Ходасевич, однако, был уже готов при завершении первой из печатавшихся частей добавить к описанию жизни юного Пушкина четвертую составляющую – политику: «Скажем прямо: в нем была как бы некоторая влюбленность в этих людей[128]. Их одобрение и признание он готов был купить даже и дорогой ценой. Именно этим была решена его участь на долгие годы – может быть, на всю жизнь» [Ходасевич 1997а: 77]. У этого важного порога Пушкин Ходасевича ставит политику наряду с поэзией – возможно, по ложным причинам, но тем не менее он решил соединить политику с поэзией воедино и заставить свою музу послужить политическим целям. И хотя результат этого союза походил на полное слияние жизни и искусства, образцом которого для Ходасевича был Державин, мотивы Пушкина были совсем не столь героическими, как у его предшественника.

«Молодость», часть II (12 марта 1933 года)

В следующее воскресенье читатели дождались продолжения, и Ходасевич начал вторую часть своей статьи с того, что представил «общество шумных», играя на каламбурном созвучии этого выражения с «обществом умных», то есть серьезных, вдумчивых и либерально настроенных молодых людей, превратив их с помощью всего одной согласной в громогласных, взбалмошных, пьющих и флиртующих. Однако Пушкин на самом деле не принадлежал по своему характеру ни к «умным», ни к «шумным», хотя водил знакомство с теми и другими, разрываясь от желания принадлежать к тем и другим сразу.

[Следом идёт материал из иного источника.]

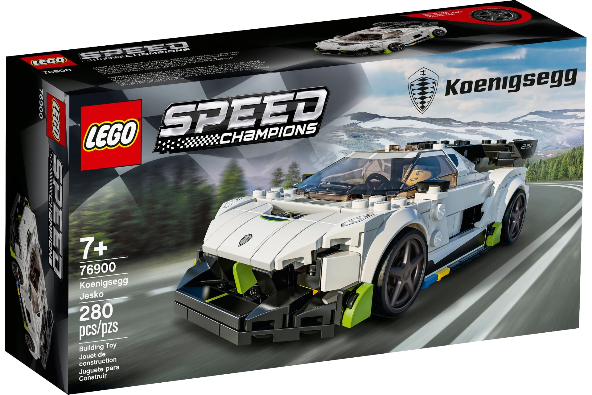 코닉세그의 최신 2인승 하이퍼 스포츠카, 제스코를 재현한 모형입니다. 전체 형태를 단순화하면서도 앞 에어댐과 대형 리어 스포일러 등 특징적 요소를 돋보이게 만든 것이 특징입니다. 스피드 챔피언 시리즈 단품 구성의 흐름을 따라, 헬멧과 머리를 바꿀 수 있는 인형 하나와 휠 디자인을 바꿀 수 있는 별도 부품이 함께 들어 있습니다.

Ходасевич представлял молодых петербургских денди, «шумную» толпу с помощью своего любимого приема – списка. Самым главным среди них был Каверин, числившийся также и среди «умных»:

Богач и красавец, он славился тем, что в жертвоприношениях Венере и Вакху не знал ни поражения, ни усталости. От французской болезни лечился холодным шампанским, поутру вместо чаю выпивал с хлебом бутылку рому, а после обеда – вместо кофею – бутылку коньяку [Ходасевич 1997а: 78].

Затем Ходасевич продолжает список, давая персонажам различные характеристики, в основном касающиеся вина и женщин (хотя один молодой человек, как говорили, любил восклицать: «Лучшая женщина есть мальчик и лучшее вино – водка»). Пушкин, по словам Ходасевича, «не сводил глаз с “умных”. Но пристал все-таки к “шумным”, потому что их общество было легче ему доступно, а еще более потому, что к ним влек соблазн. Жизнь его сделалась безалаберной» [Ходасевич 1997а: 78]. Еще одной стороной столичной жизни был театр: «Театр в то время был в моде. Считалось, что он процветает. Считалось, что первоклассные пьесы на нем разыгрываются такими же актерами» [Ходасевич 1997а: 78–79]. Пушкин постепенно втягивался в общество, которое не всегда отвечало его духовным запросам и соответствовать которому ему было не по средствам. Ходасевич прибегает к контрасту между двумя «петербургскими денди» – Александром Пушкиным и его «приятелем» Евгением Онегиным.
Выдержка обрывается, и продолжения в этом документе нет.